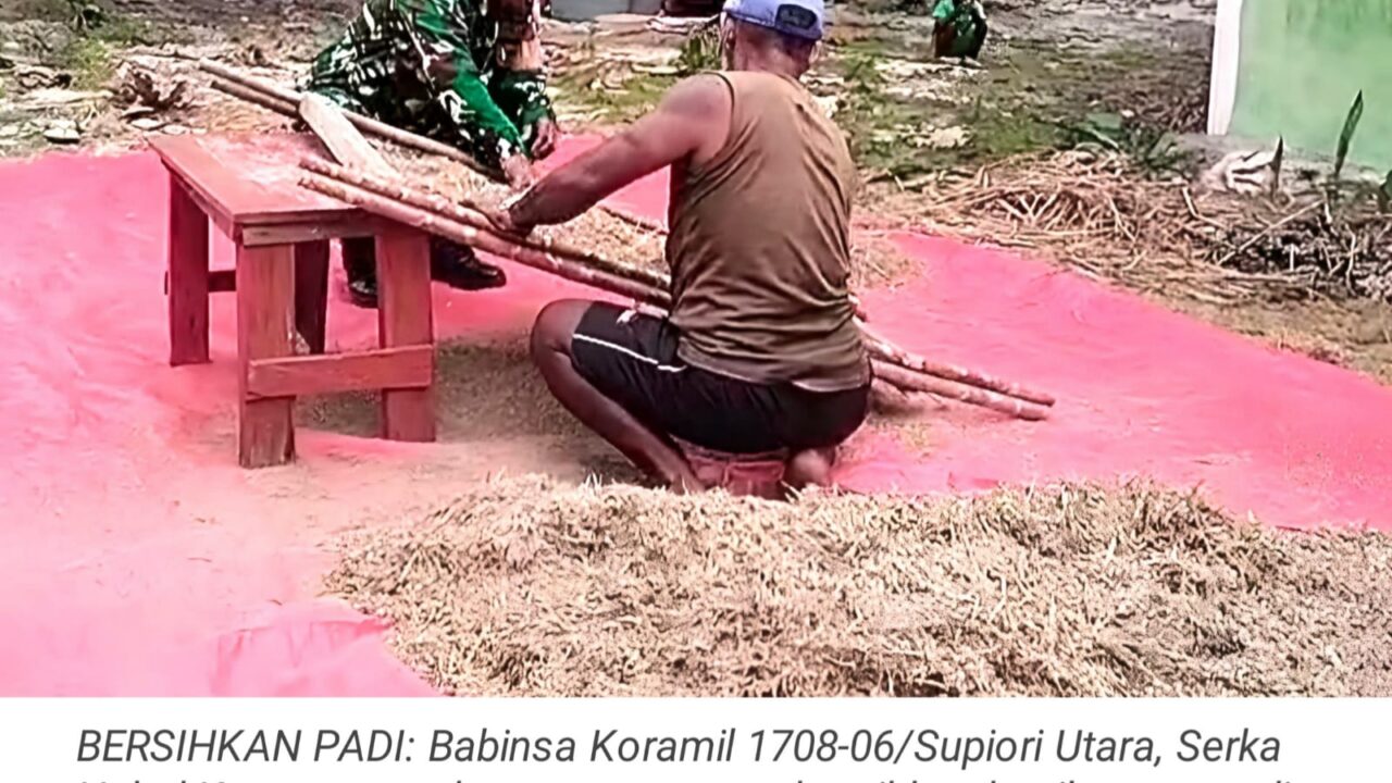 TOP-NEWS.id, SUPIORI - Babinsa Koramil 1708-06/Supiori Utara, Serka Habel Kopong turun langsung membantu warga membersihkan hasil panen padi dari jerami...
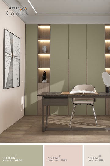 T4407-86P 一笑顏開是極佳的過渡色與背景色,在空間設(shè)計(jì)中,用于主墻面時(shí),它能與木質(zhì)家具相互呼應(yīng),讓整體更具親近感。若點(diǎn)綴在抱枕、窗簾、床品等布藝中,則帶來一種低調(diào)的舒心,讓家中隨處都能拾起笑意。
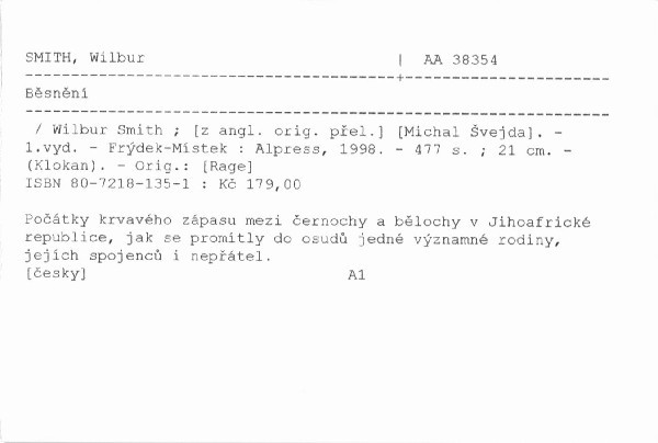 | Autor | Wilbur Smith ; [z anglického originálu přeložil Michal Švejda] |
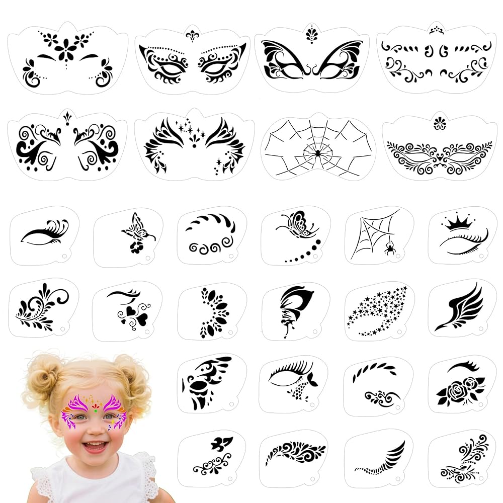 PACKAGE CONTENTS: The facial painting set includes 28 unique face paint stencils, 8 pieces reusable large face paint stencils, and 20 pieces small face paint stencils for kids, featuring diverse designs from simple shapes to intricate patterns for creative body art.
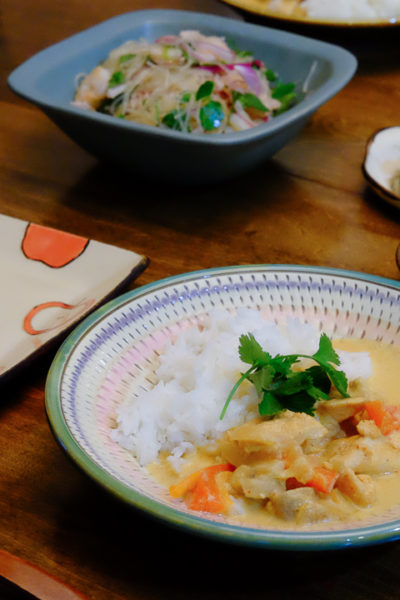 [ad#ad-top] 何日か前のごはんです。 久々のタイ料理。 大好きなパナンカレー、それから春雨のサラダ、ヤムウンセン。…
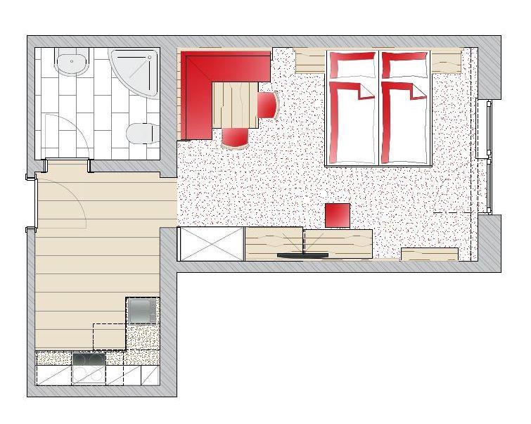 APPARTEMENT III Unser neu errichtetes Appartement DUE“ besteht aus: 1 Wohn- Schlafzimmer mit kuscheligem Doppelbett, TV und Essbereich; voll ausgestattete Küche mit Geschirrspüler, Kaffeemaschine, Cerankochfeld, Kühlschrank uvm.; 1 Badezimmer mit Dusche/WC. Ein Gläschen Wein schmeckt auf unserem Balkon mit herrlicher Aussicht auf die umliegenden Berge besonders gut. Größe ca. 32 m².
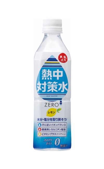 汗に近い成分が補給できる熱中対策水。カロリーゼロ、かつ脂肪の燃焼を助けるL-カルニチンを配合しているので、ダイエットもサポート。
++++++++
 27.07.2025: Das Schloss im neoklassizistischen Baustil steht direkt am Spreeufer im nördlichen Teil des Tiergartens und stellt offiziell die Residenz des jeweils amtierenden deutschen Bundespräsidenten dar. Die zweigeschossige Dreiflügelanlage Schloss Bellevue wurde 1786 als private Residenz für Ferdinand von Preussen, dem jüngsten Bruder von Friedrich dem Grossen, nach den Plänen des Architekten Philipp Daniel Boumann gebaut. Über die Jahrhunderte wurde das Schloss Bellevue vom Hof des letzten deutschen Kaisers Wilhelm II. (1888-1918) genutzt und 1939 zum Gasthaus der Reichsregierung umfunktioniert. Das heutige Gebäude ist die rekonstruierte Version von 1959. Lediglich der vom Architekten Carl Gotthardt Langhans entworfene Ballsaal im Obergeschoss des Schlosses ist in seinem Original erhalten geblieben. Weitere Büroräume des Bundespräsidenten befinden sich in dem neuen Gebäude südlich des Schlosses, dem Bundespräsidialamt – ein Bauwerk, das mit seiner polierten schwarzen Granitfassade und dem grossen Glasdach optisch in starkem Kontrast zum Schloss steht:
++++++++
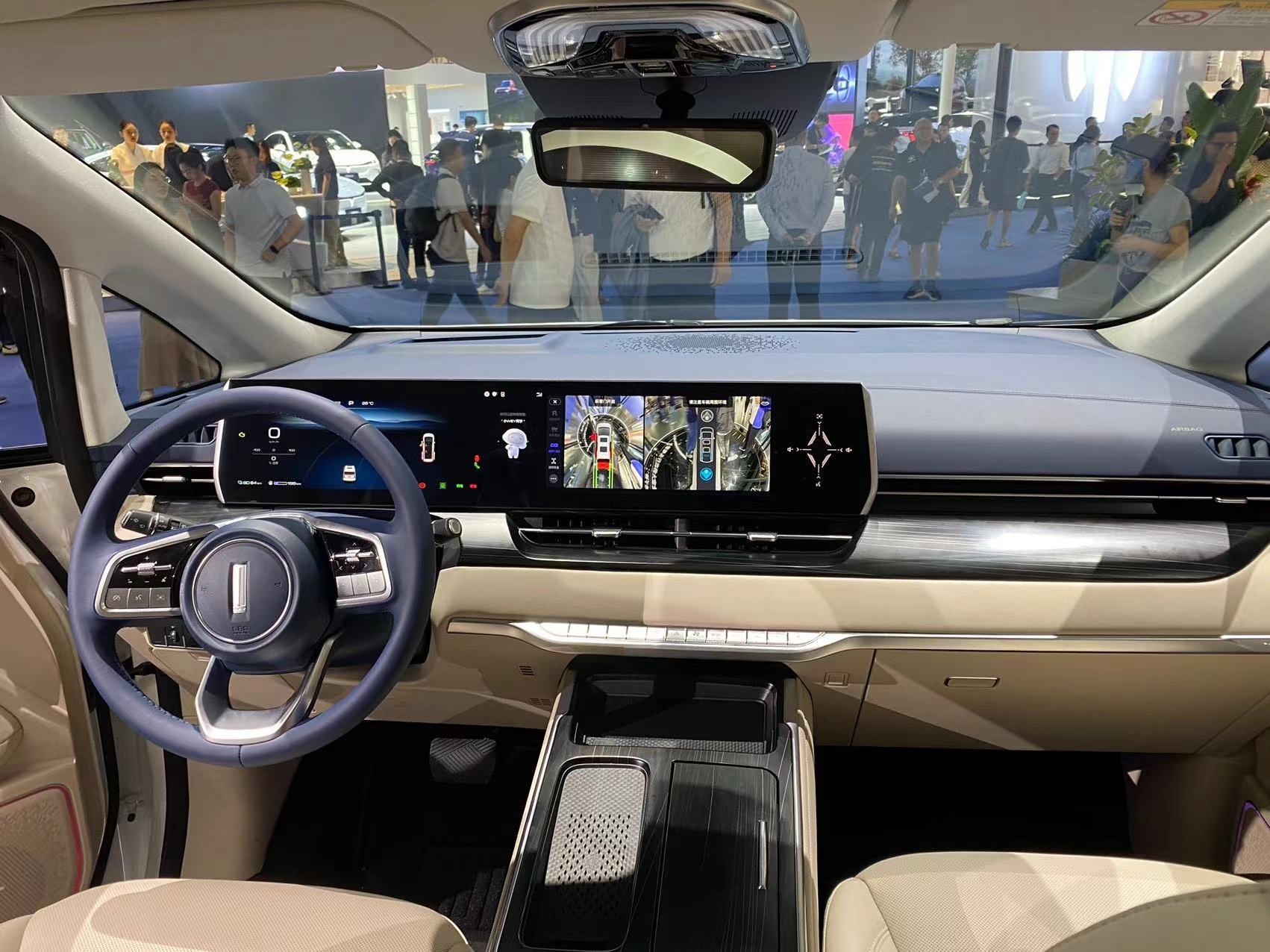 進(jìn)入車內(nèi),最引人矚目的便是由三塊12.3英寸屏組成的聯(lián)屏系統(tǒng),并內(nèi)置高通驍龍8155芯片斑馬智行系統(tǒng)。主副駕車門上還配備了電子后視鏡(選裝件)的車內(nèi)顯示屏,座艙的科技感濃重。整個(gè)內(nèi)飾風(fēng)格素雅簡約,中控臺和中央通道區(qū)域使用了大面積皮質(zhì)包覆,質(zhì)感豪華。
++++++++
# Action item:
Using the entries above, repeat exactly the lines from the one with "TOP-NEWS.id, SUPIORI - Babinsa" to the one with "Michal Švejda] |", both included, and leave the pictures behind.

# Expected output:
 TOP-NEWS.id, SUPIORI - Babinsa Koramil 1708-06/Supiori Utara, Serka Habel Kopong turun langsung membantu warga membersihkan hasil panen padi dari jerami...
 T4407-86P 一笑顏開是極佳的過渡色與背景色,在空間設(shè)計(jì)中,用于主墻面時(shí),它能與木質(zhì)家具相互呼應(yīng),讓整體更具親近感。若點(diǎn)綴在抱枕、窗簾、床品等布藝中,則帶來一種低調(diào)的舒心,讓家中隨處都能拾起笑意。
 | Autor | Wilbur Smith ; [z anglického originálu přeložil Michal Švejda] |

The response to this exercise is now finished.